| DATA TO PROCESS |
Segment Open
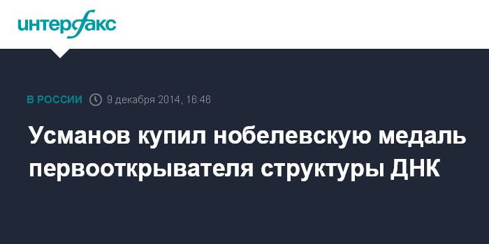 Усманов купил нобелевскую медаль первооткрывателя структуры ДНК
Segment Closed
Segment Open
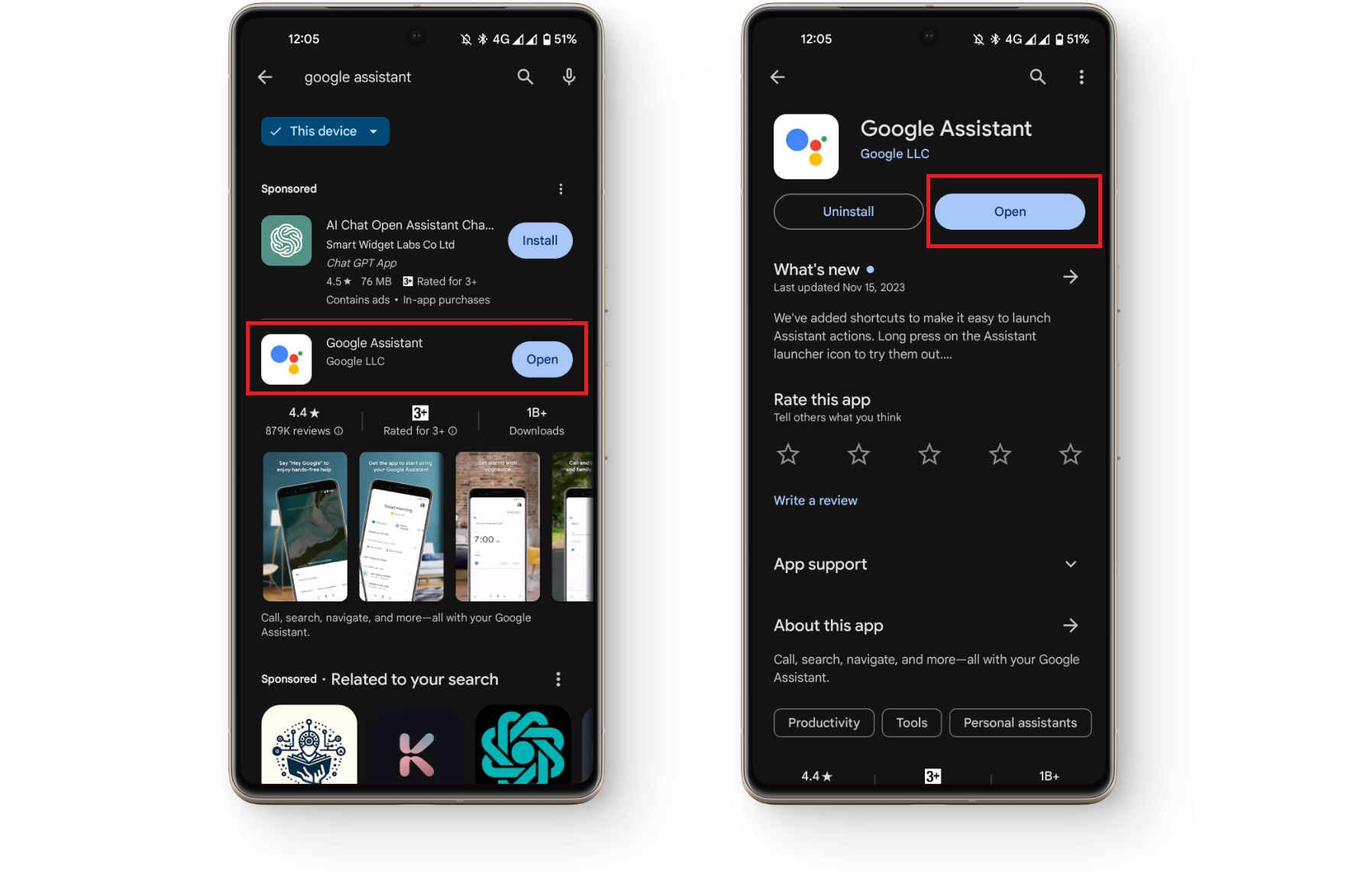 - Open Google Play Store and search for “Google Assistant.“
Segment Closed
Segment Open
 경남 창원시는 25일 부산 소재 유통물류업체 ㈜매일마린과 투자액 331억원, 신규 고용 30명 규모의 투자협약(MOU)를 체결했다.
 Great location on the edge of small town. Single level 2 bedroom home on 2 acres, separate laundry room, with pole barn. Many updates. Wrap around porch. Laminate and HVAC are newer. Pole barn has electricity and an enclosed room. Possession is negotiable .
Segment Closed
| PROBLEM TO SOLVE |
With the line holding "경남 창원시는 25일" as the first and the line holding "Great location on" as the last, please transcribe exactly the lines of the material above in that range and nothing else.

| REPLY TO THE EXERCISE |
 경남 창원시는 25일 부산 소재 유통물류업체 ㈜매일마린과 투자액 331억원, 신규 고용 30명 규모의 투자협약(MOU)를 체결했다.
 Great location on the edge of small town. Single level 2 bedroom home on 2 acres, separate laundry room, with pole barn. Many updates. Wrap around porch. Laminate and HVAC are newer. Pole barn has electricity and an enclosed room. Possession is negotiable .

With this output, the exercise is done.